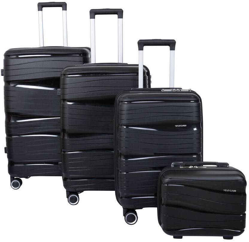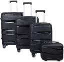 Hard Body Set of 4 Luggage 4 Wheels - 3Pc Set Trolley (20/24/28 Inch) with vanity-Black - Black
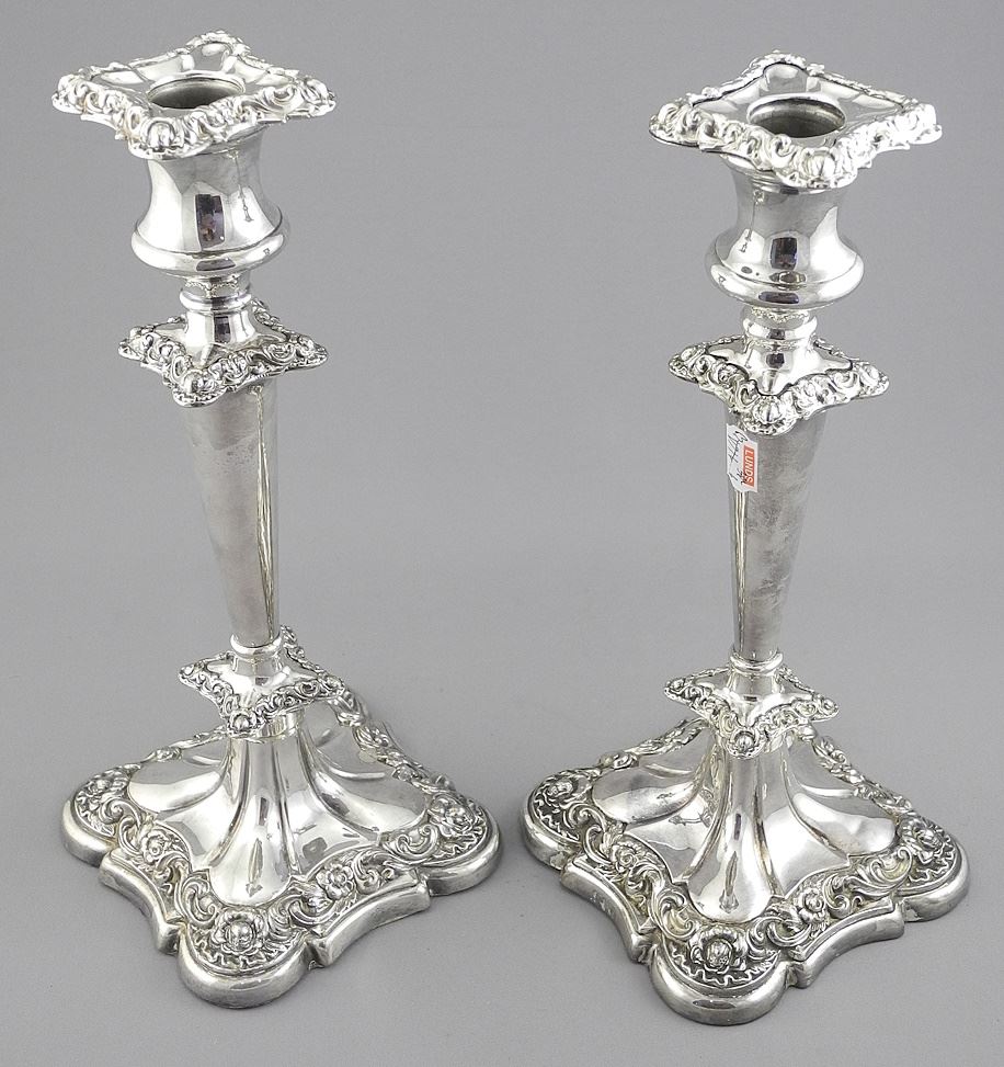 LOT 66 Pair of OSP Candlesticks & Hot Water Pot, 10 1/4" & 10 7/8"h. Estimate: $60 - $100 Sold For: $50 Auction Date: Tuesday, December 03 2024 at 4:00 PM
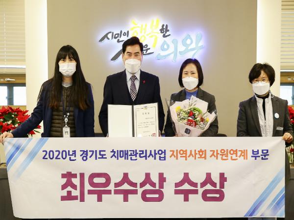 [KNT한국뉴스타임] 의왕시는 의왕시치매안심센터가 지난 12월 경기도에서 비대면으로 개최한‘2020년 경기도 치매관리사업 발전대회’에서 지역사회 자원연계 부문 최우수기관상을 수상했다고 밝혔다.
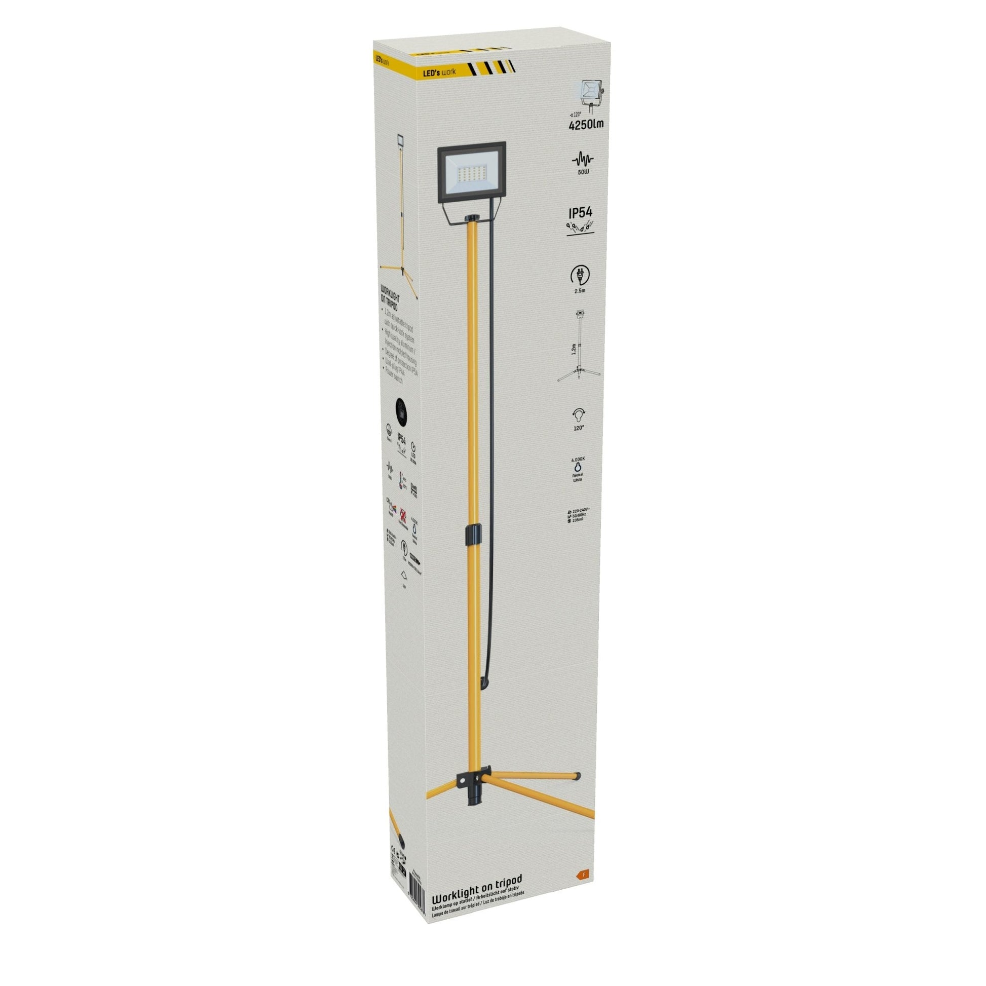 LED's Work 1 x 50W Tripod LED Bouwlamp op statief - In hoogte verstelbaar - 4250 lm
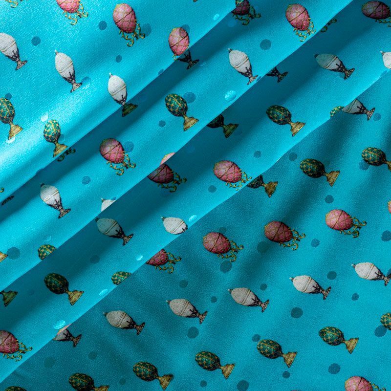 Итальянский шелк с матовой лицевой поверхностью и атласной изнанкой с принтом в виде миниатюр Фаберже на лазурно-голубом фоне, тонкий, не прозрачный, отлично драпируется, легкий и струящийся. Идеально подойдет для пошива платьев и сарафанов расклешенных моделей, с воланами, летящих юбок, топов, блузки, костюма в пижамном стиле.
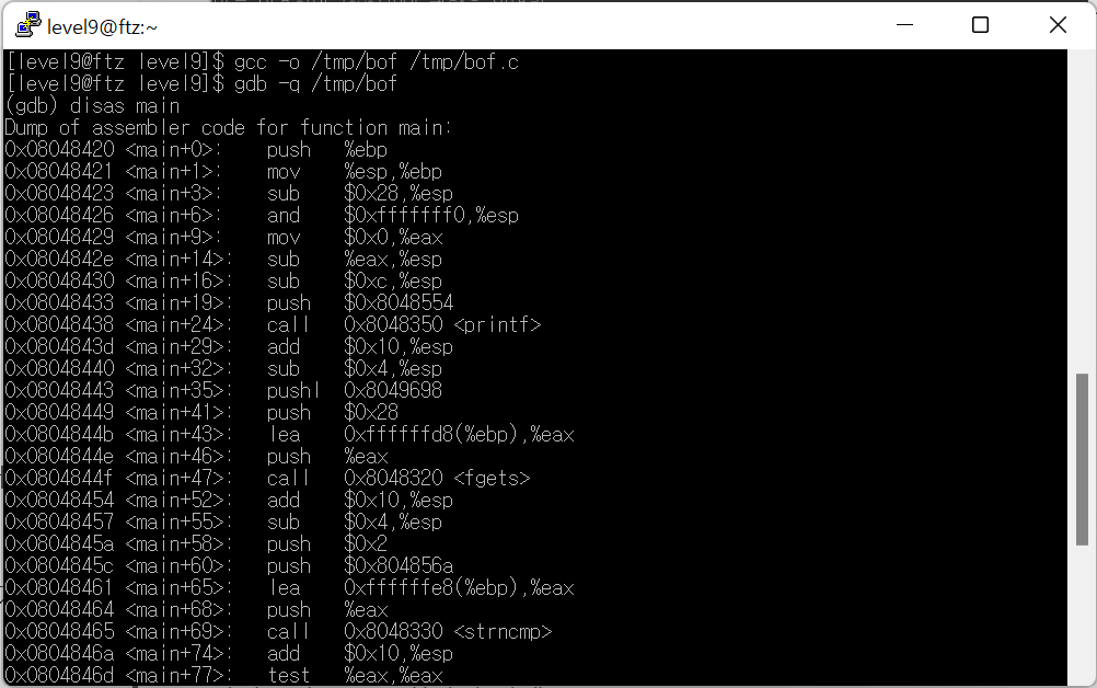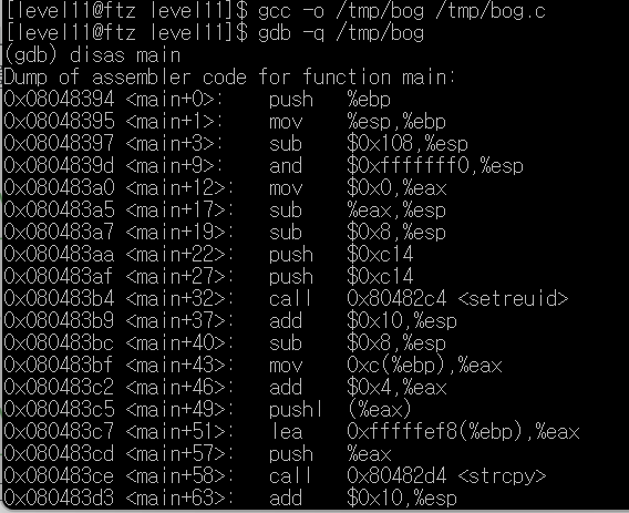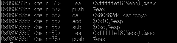 두가지 문장을 통해 buf의 시작점은 ebp-40, buf2의 시작점은 ebp-24임을 알 수 있음
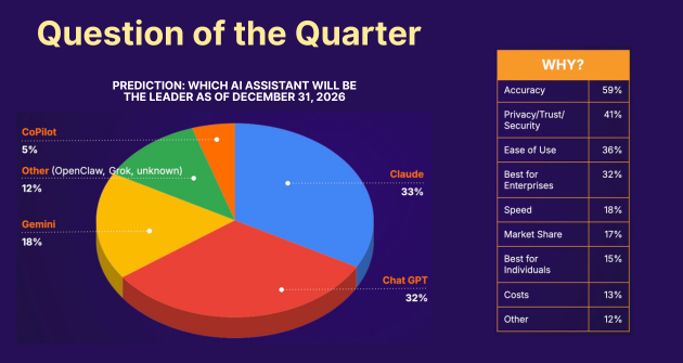 - Looking ahead, the competitive landscape for AI assistants is still unsettled. Leaders are split between Claude (33%) and ChatGPT (32%) as likely market leaders by the end of 2026, with smaller shares for Gemini and others. Selection criteria are pragmatic: accuracy leads by a wide margin, followed by trust and security, ease of use, and enterprise readiness, indicating that performance and reliability, not hype or cost, will determine long-term winners.

- - - - - - -

_Problem description_
Above are the records; repeat them all exactly, without the pictures.

_Finished exercise_
 Hard Body Set of 4 Luggage 4 Wheels - 3Pc Set Trolley (20/24/28 Inch) with vanity-Black - Black
 LOT 66 Pair of OSP Candlesticks & Hot Water Pot, 10 1/4" & 10 7/8"h. Estimate: $60 - $100 Sold For: $50 Auction Date: Tuesday, December 03 2024 at 4:00 PM
 [KNT한국뉴스타임] 의왕시는 의왕시치매안심센터가 지난 12월 경기도에서 비대면으로 개최한‘2020년 경기도 치매관리사업 발전대회’에서 지역사회 자원연계 부문 최우수기관상을 수상했다고 밝혔다.
 LED's Work 1 x 50W Tripod LED Bouwlamp op statief - In hoogte verstelbaar - 4250 lm
 Итальянский шелк с матовой лицевой поверхностью и атласной изнанкой с принтом в виде миниатюр Фаберже на лазурно-голубом фоне, тонкий, не прозрачный, отлично драпируется, легкий и струящийся. Идеально подойдет для пошива платьев и сарафанов расклешенных моделей, с воланами, летящих юбок, топов, блузки, костюма в пижамном стиле.
 두가지 문장을 통해 buf의 시작점은 ebp-40, buf2의 시작점은 ebp-24임을 알 수 있음
 - Looking ahead, the competitive landscape for AI assistants is still unsettled. Leaders are split between Claude (33%) and ChatGPT (32%) as likely market leaders by the end of 2026, with smaller shares for Gemini and others. Selection criteria are pragmatic: accuracy leads by a wide margin, followed by trust and security, ease of use, and enterprise readiness, indicating that performance and reliability, not hype or cost, will determine long-term winners.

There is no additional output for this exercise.